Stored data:
== == ==

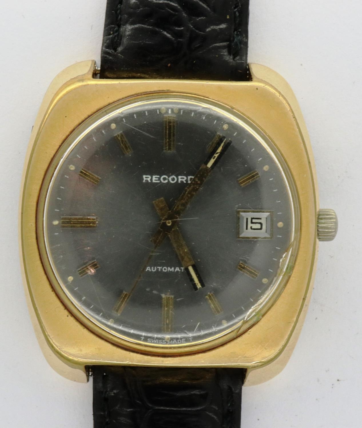 Record: gents vintage automatic wristwatch, dial D: 30 mm, working at lotting. P&P Group 1 (£14+VAT for the first lot and £1+VAT for subsequent lots)
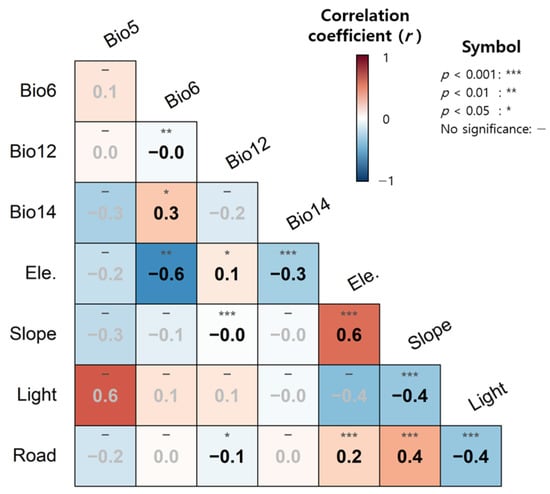 In this study, eight selected variables were used to avoid multicollinearity among the whole environmental variables: elevation, slope, night light, distance to road, the maximum temperature of the warmest month (Bio5), the minimum temperature of the coldest month (Bio6), annual precipitation (Bio12), and precipitation of the driest month (Bio14). These variables were selected considering the value of Pearson’s correlation coefficient (r < 0.9) and variation inflation factor (VIF < 5). Although isothermality (Bio3) was also passed, we excluded Bio3 based on the ecological characteristics of WCSB, low variation in South Korea, and other studies on the SDM of WCSB [10,29,34].
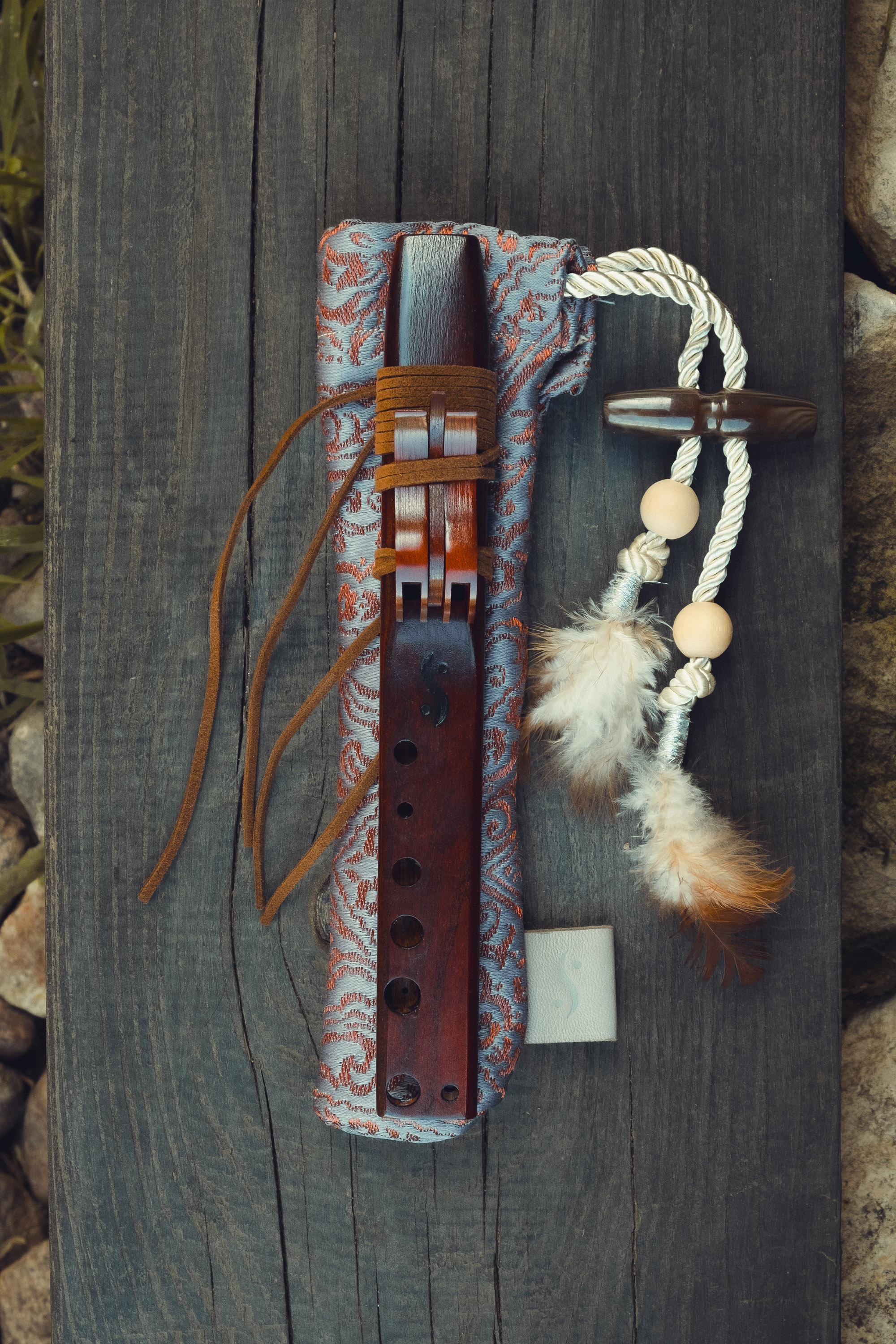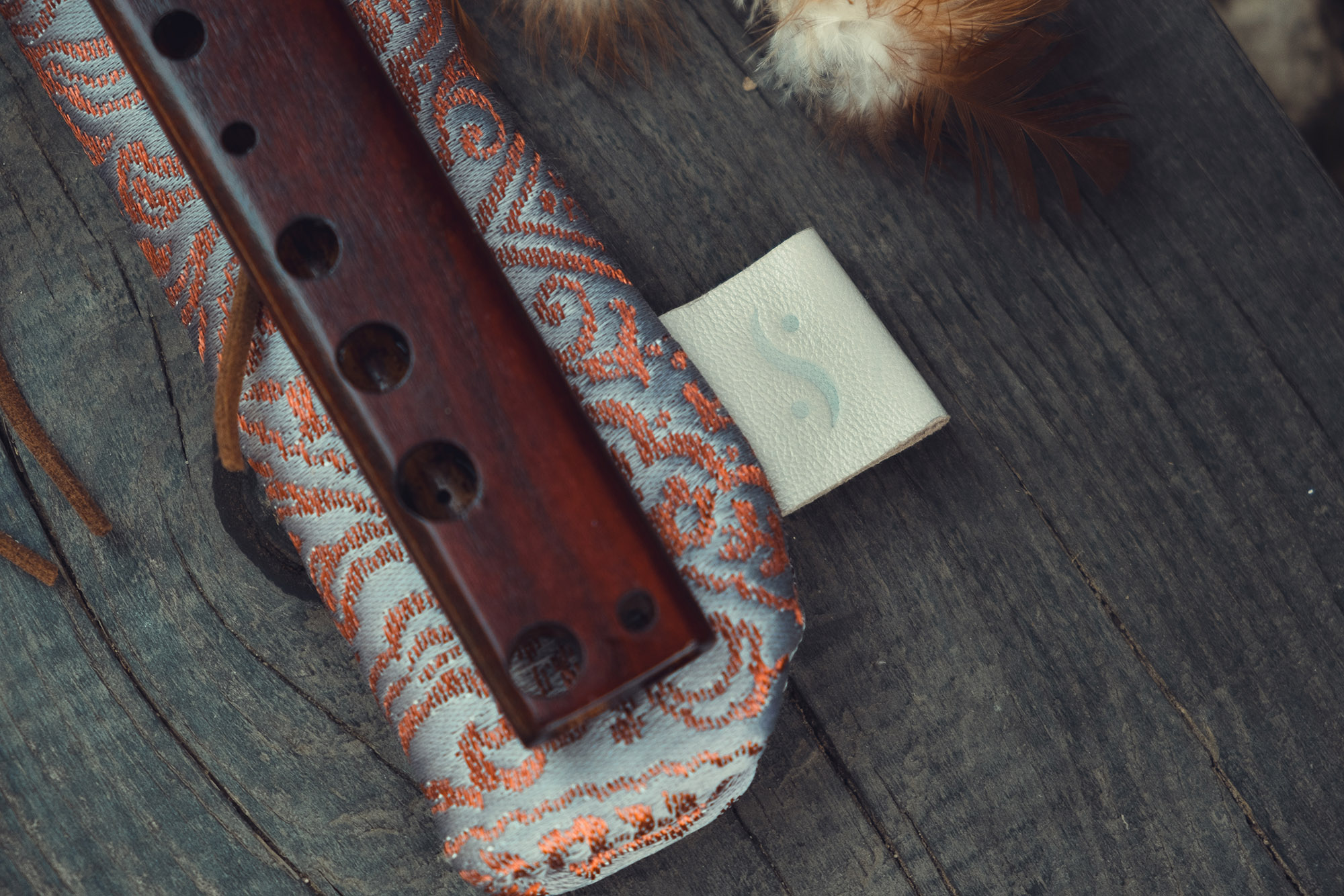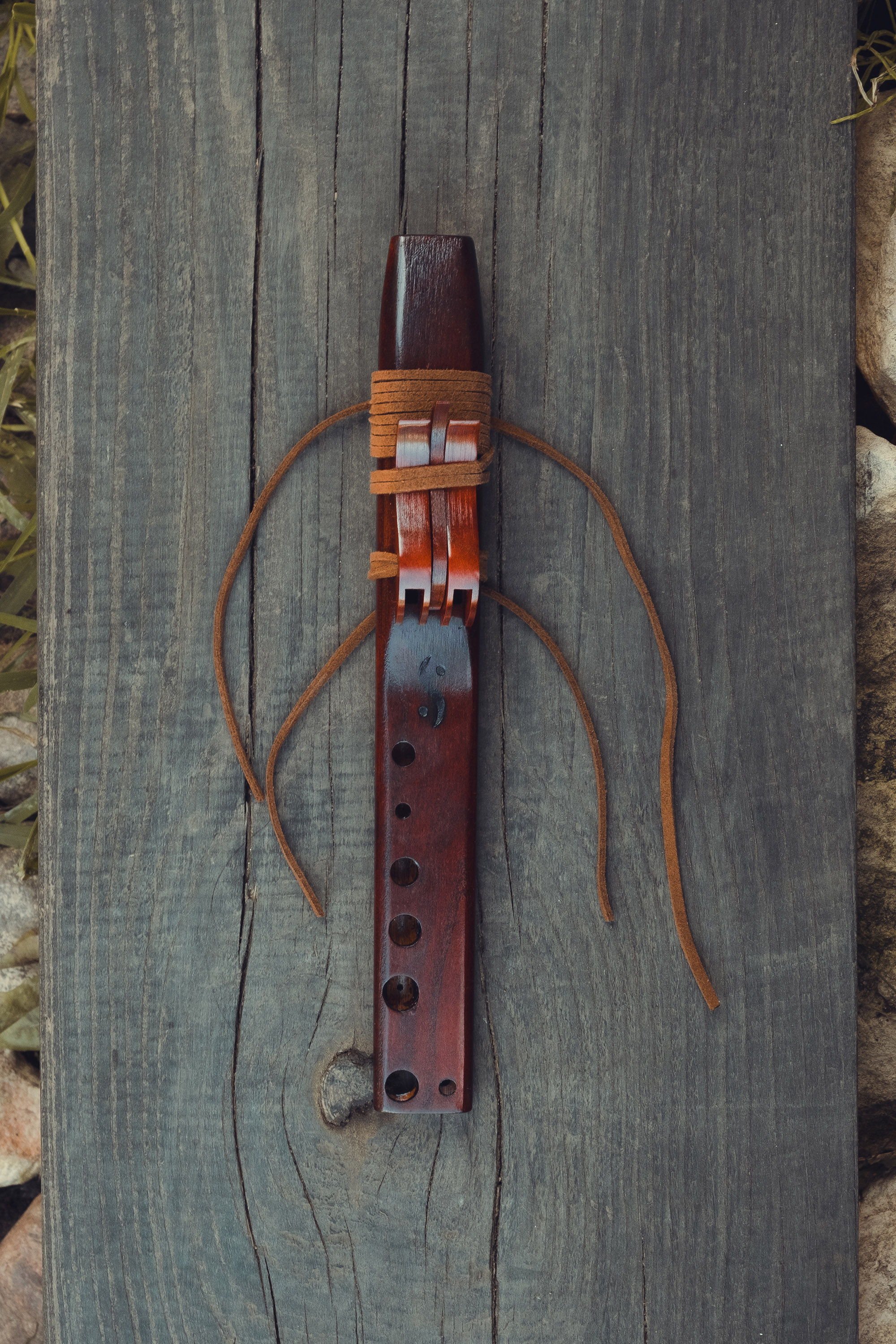 Ręcznie wykonany flet z drewna moreli (Prunus armeniaca), pozyskanego z sadu owocowego. Flet prosty podwójny, 5-otworowy, inspirowany tradycją rdzennych Amerykanów (Native American Style Flute). Charakteryzuje się jasnym, sopranowym brzmieniem. Skala pentatoniczna molowa umożliwia szeroką ekspresję muzyczną. Flet jest zabarwiony na rustykalny kolor mahoniowy i wykończony olejowaniem typu French polishing (Tru-Oil – 6 warstw), co zapewnia trwałość i estetykę. Dokumentacja obejmuje konserwację, warunki przechowywania oraz certyfikat autentyczności.
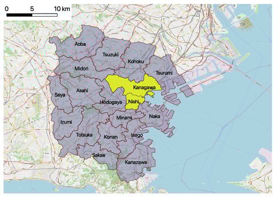 Study area: Nishi ward and Kanagawa ward.
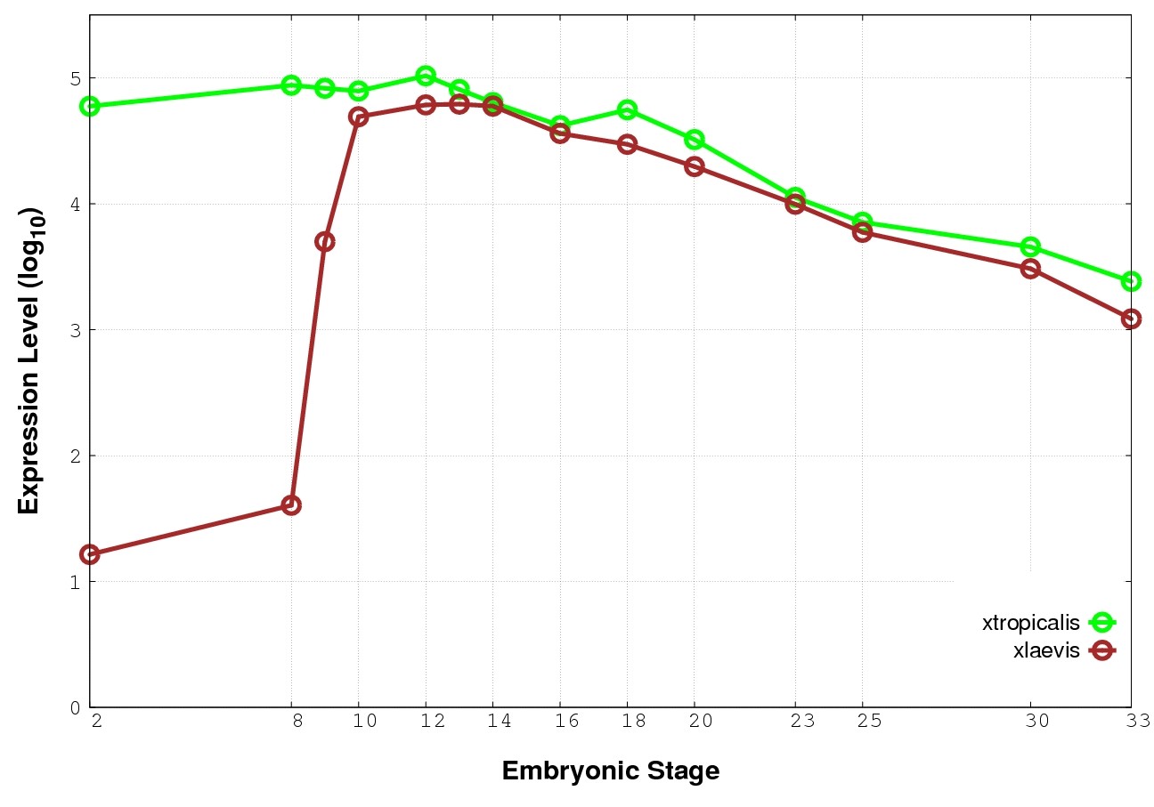 | RNA-Seq and EST Transcriptome profiles | ???displayGene.tropicalis??? | ???displayGene.laevis???.L | ???displayGene.laevis???.S |
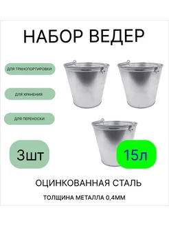 Оцинкованное ведро 15 л, набор 3шт, толщина 0,4 мм
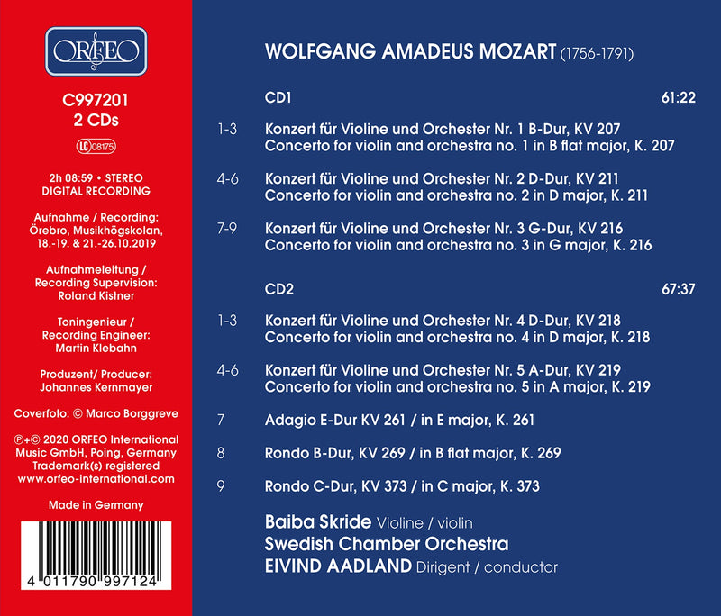 OrfeoMozart: Violin Concertos Nos. 1-5 / Skride, Aadland, Swedish Chamber Orchestra
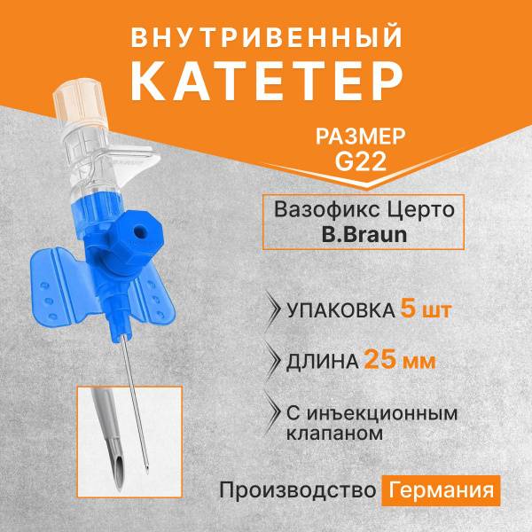 The B.Braun Vasofix Certo G22 IV catheter (0.9 x 25mm) is a polyurethane, latex-free, and PVC-free catheter featuring an injection port for needleless injections, minimizing the risk of needle sticks and promoting prolonged use. Its specialized needle tip reduces puncture trauma, while the transparent cannula allows for easy verification of successful venipuncture.
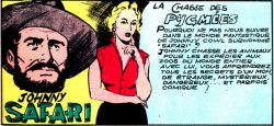 '''Johnny Safari''' | '''Johnny Safari''' Bande quotidienne publiée à l'origine dans "France-Soir" sous le titre ''Hommes et Bêtes'' de 1956 à 57, puis dans diverses revues (sous le nom de [[Johnny Safari]] dans [[Samedi-Jeunesse]], [[Banga (2e série)]], [[Joker]]) dessinée par [[José Larraz]], qui signe Gil, et [[José Laffond]]. | ||
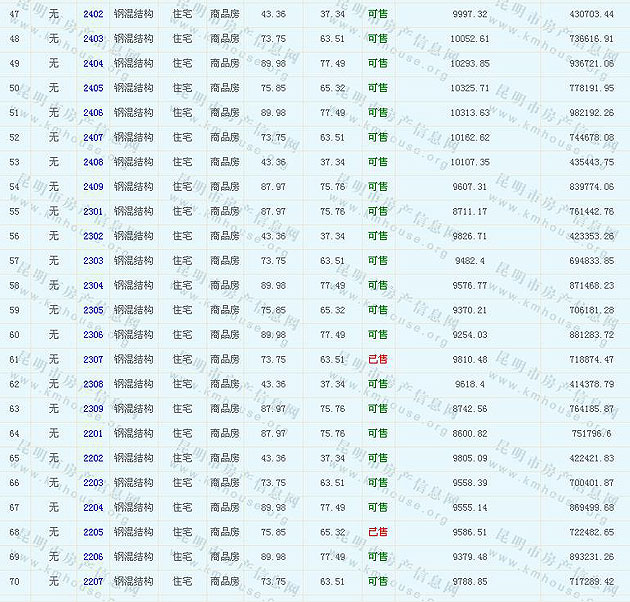 根據(jù)云南省物價局關于發(fā)布《云南省商品房銷售明碼標價實施細則(試行)》的通知,現(xiàn)將該項目商品住房的準售房源及每套房屋價格向社會公布,房地產(chǎn)開發(fā)企業(yè)應嚴格按照公布價格,商品房銷售明碼標價實行一套一標。商品房經(jīng)營者應當對每套商品房按照建筑面具進行明碼標價,否則,房產(chǎn)登記機關不予登記備案。準售房源及房價信息如下:
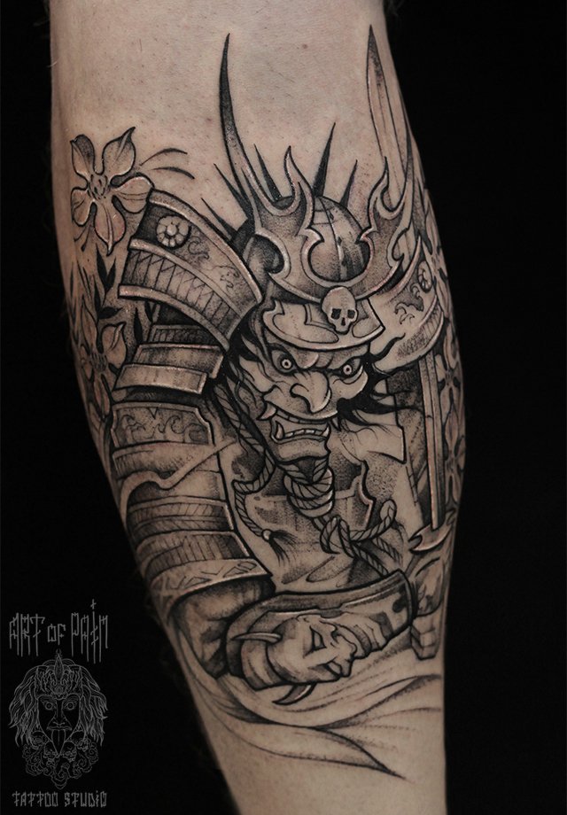 Татуировка мужская графика на голени самурай 2162
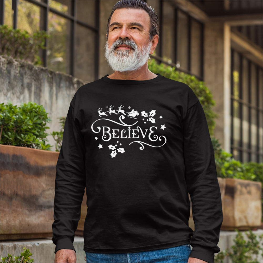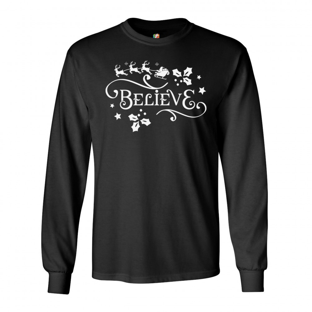 BELIEVE long sleeve t-shirt merry christmas santa sleigh rudolph mistletoe black
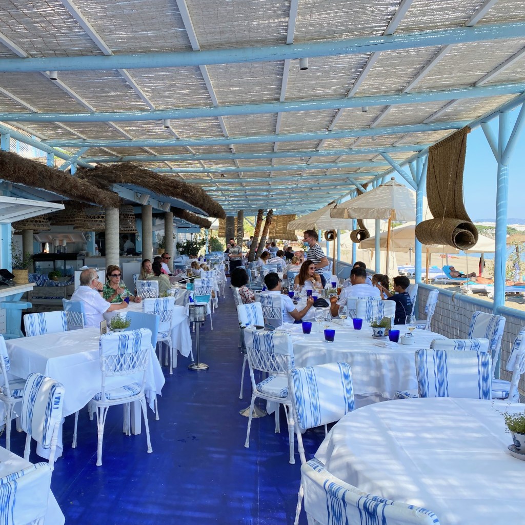 Walk towards the beach from the resort and turn left when you get to the promenade. About 50 meters later, you will be at MC Beach. This is Marbella Club’s chiringuito, or grilled seafood shack on the beach. Classy and gorgeous with the classic white and blue decor. Choose from the regular dining tables, or enjoy fresh grilled octopus and squid with a piña colada on one of the Balinese beds or deck chairs. Afternoon service only.
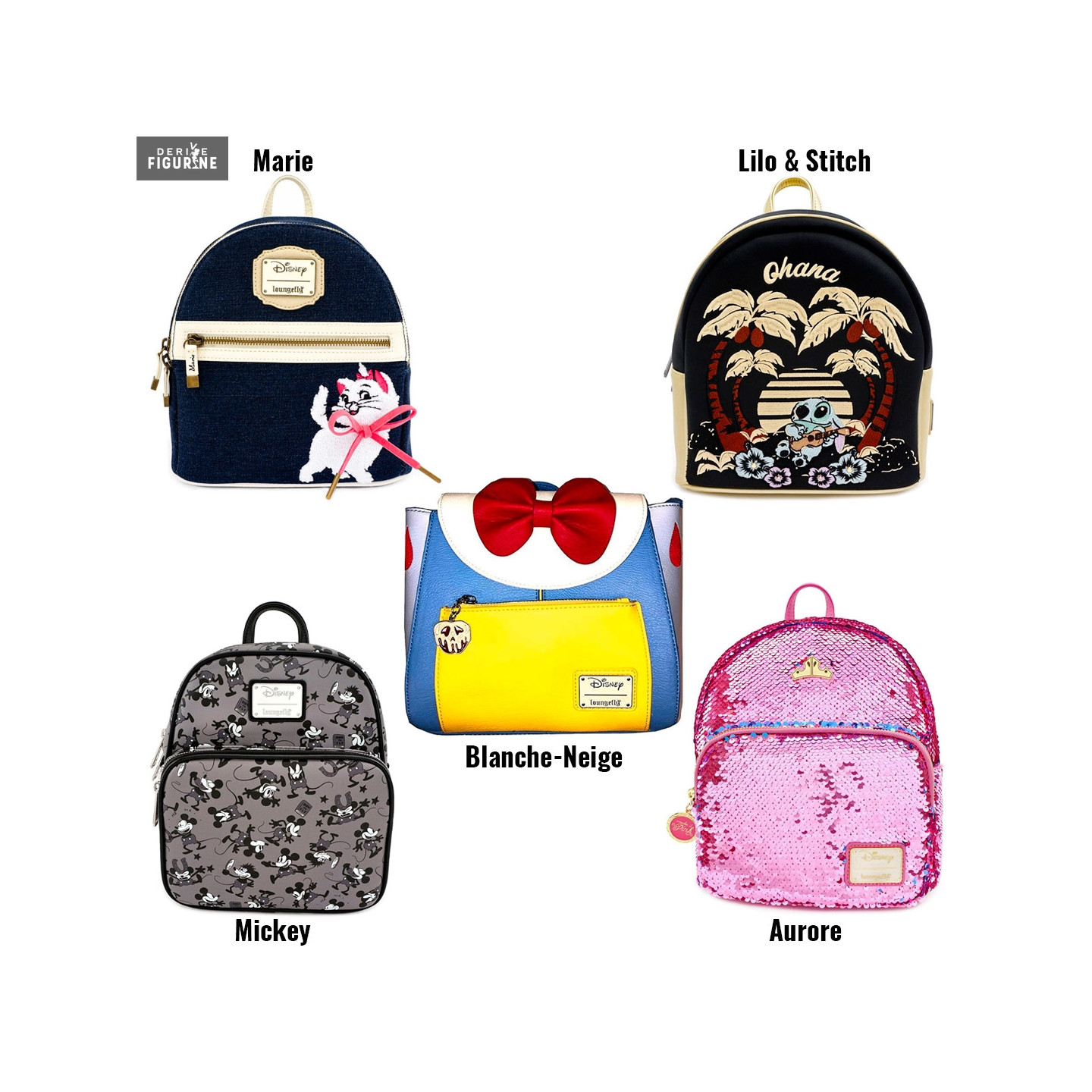 Sac à dos de Disney au choix entre les versions Lilo & Stitch, Mickey, Marie, Blanche-Neige ou Aurore (voir détails en description). Le fabricant est Loungefly.
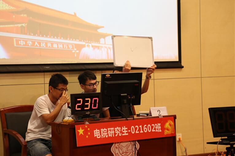 第一輪的前三支隊伍為電院本科1602011班,1602052班,電院研究生021602班。比賽開始,題目主要為中國近代史,各隊沉穩答題,正確率非常高。比賽進入中段后開始出現了分差,1602011班和021602班比分咬的很緊,1602052班在手速上略遜對手。同時三隊都開始出現搶答犯規,氣氛逐漸緊張。但主持人妙語連珠,劉縉教授細心科普,觀眾目不轉睛。最后第一輪前半段比賽完美結束。

== == ==

TRY IT: Repeat the lines of the records verbatim, starting at the line containing "Татуировка мужская графика" and stopping after the final line. Images stay out.

SOLVED PROBLEM:
 Татуировка мужская графика на голени самурай 2162
 BELIEVE long sleeve t-shirt merry christmas santa sleigh rudolph mistletoe black
 Walk towards the beach from the resort and turn left when you get to the promenade. About 50 meters later, you will be at MC Beach. This is Marbella Club’s chiringuito, or grilled seafood shack on the beach. Classy and gorgeous with the classic white and blue decor. Choose from the regular dining tables, or enjoy fresh grilled octopus and squid with a piña colada on one of the Balinese beds or deck chairs. Afternoon service only.
 Sac à dos de Disney au choix entre les versions Lilo & Stitch, Mickey, Marie, Blanche-Neige ou Aurore (voir détails en description). Le fabricant est Loungefly.
 第一輪的前三支隊伍為電院本科1602011班,1602052班,電院研究生021602班。比賽開始,題目主要為中國近代史,各隊沉穩答題,正確率非常高。比賽進入中段后開始出現了分差,1602011班和021602班比分咬的很緊,1602052班在手速上略遜對手。同時三隊都開始出現搶答犯規,氣氛逐漸緊張。但主持人妙語連珠,劉縉教授細心科普,觀眾目不轉睛。最后第一輪前半段比賽完美結束。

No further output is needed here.